In my last comment on Pam’s page, I had written: “Thinking of you and wondering where/how you are!?” That was on Feb. 5. I’ve no idea whether my message to Pam coincided with her decision to remain silent about her cancer, but she never responded either on Facebook or to me directly. The last time I saw her was a decade ago in New York, where I was living at the time.
I knew exactly what Luke meant by “Pam-esque.” She was idiosyncratic at birth – and private except to her very closest friends. I knew that she liked to sleep without pajamas under piles of comforters with the air conditioner set to freezing. I knew that she was smart, if not especially studious, and that she was an avid tennis player. One day after high school, she ran south from our hometown of Winter Haven, Fla., with a tennis pro before deciding to trek back north to college at Smith. Her first job was at the New Yorker, where, she said, she mostly made summer camp arrangements for her boss’s children. (True to form, Pam never disclosed his or her name.)
She was quiet. When she did talk, she spoke in a husky near-whisper. She loved solitude and books, which is probably what bonded us. Her parents were sophisticated and provided an open home that was loosely slipcovered, happy with dogs, and a refuge for me beginning at age 9. Her sister, Jenny, rode bareback on her pony, a streak of long blonde hair flying through the orange grove in which their lakeside house was nestled.
These are my early memories. During the rest of our lives, Pam and I touched base here and there, and then, separated by geography, got busy again. Always, I think we both considered the other best of friends. So why didn’t I know she was sick? Why didn’t she tell me? Why didn’t I push?

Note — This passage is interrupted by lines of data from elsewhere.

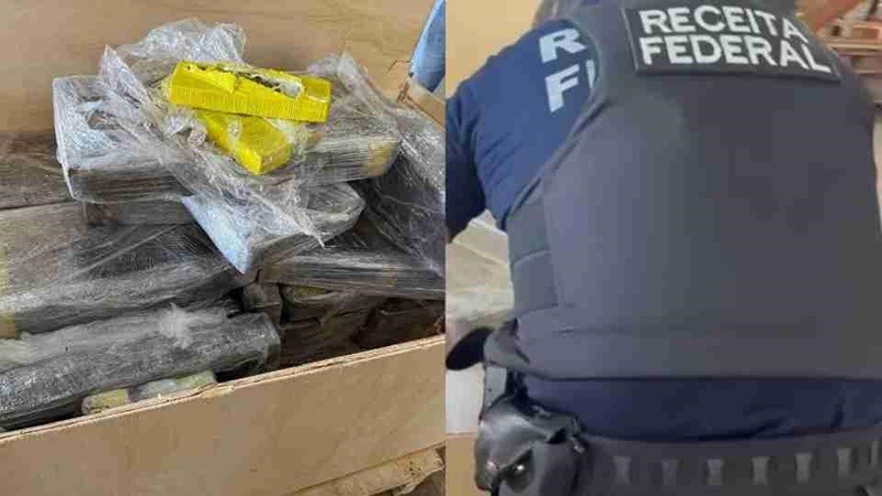 No local, os servidores encontraram aproximadamente 235 quilos e 700 da substância escondidos dentro de uma grande caixa de madeira.
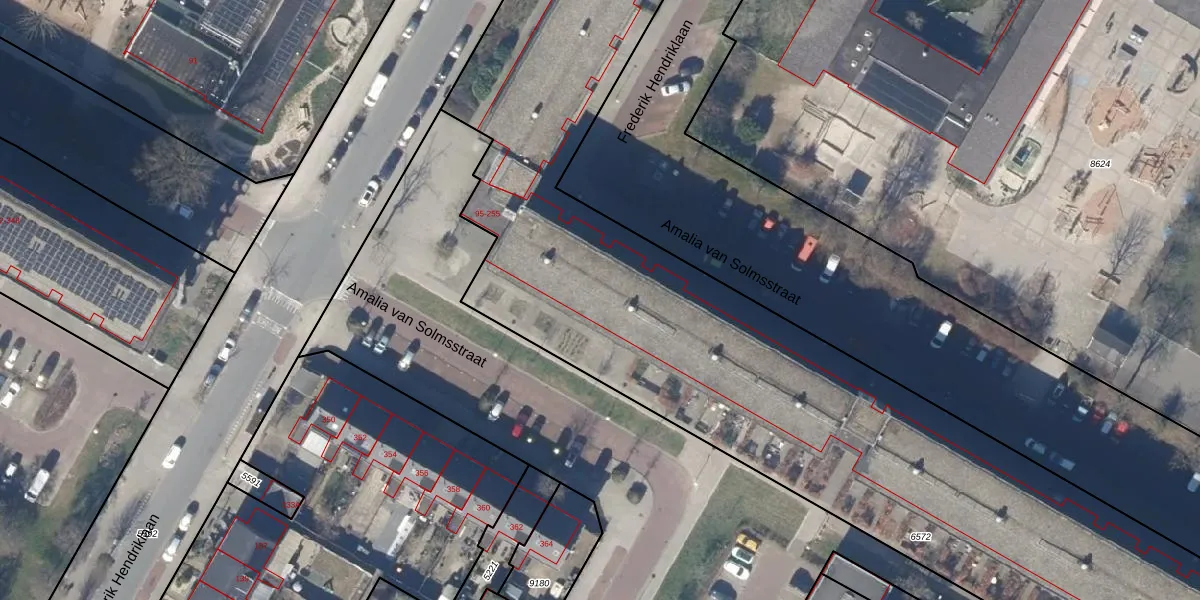 Het perceel waarop Amalia van Solmsstraat 165 staat heeft een oppervlakte van 6869 m². Dit is een zeer groot perceel. De perceeloppervlakte wordt geregistreerd door het Kadaster. Gedetailleerde informatie over de maten van dit perceel kunt u vinden in het rapport Kadastrale kaart met maatvoering van Amalia van Solmsstraat 165.
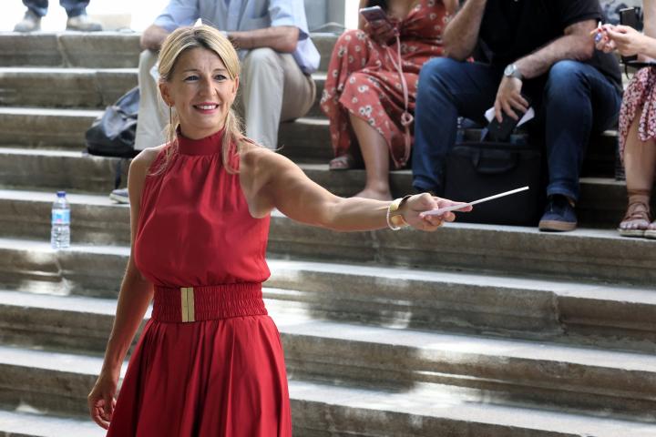 Yolanda Díaz baja unas escaleras y lo que capta un fotógrafo junto a ella acumula más de 8.000 'me gusta'

I think I understand how one might wish to control the uncontrollable by holding death close in a private space, apart from the ordinary and the inevitable questions that one can’t answer. But not sharing is its own form of cruelty. Not allowing loved ones to prepare themselves, to say goodbye in some way, deprives us of the gift of ultimate giving.
During that dinner 10 years ago, as we sprinted through decades in a hasty attempt to “catch up,” I wish I’d listened more intently, delved more deeply. And vowed to stay closer. To a sick and dying Pam, a casual poke on social media probably felt like little more than a box checked. We were obviously in different places, and I didn’t know. I can say only this with certainty: I won’t make that mistake again.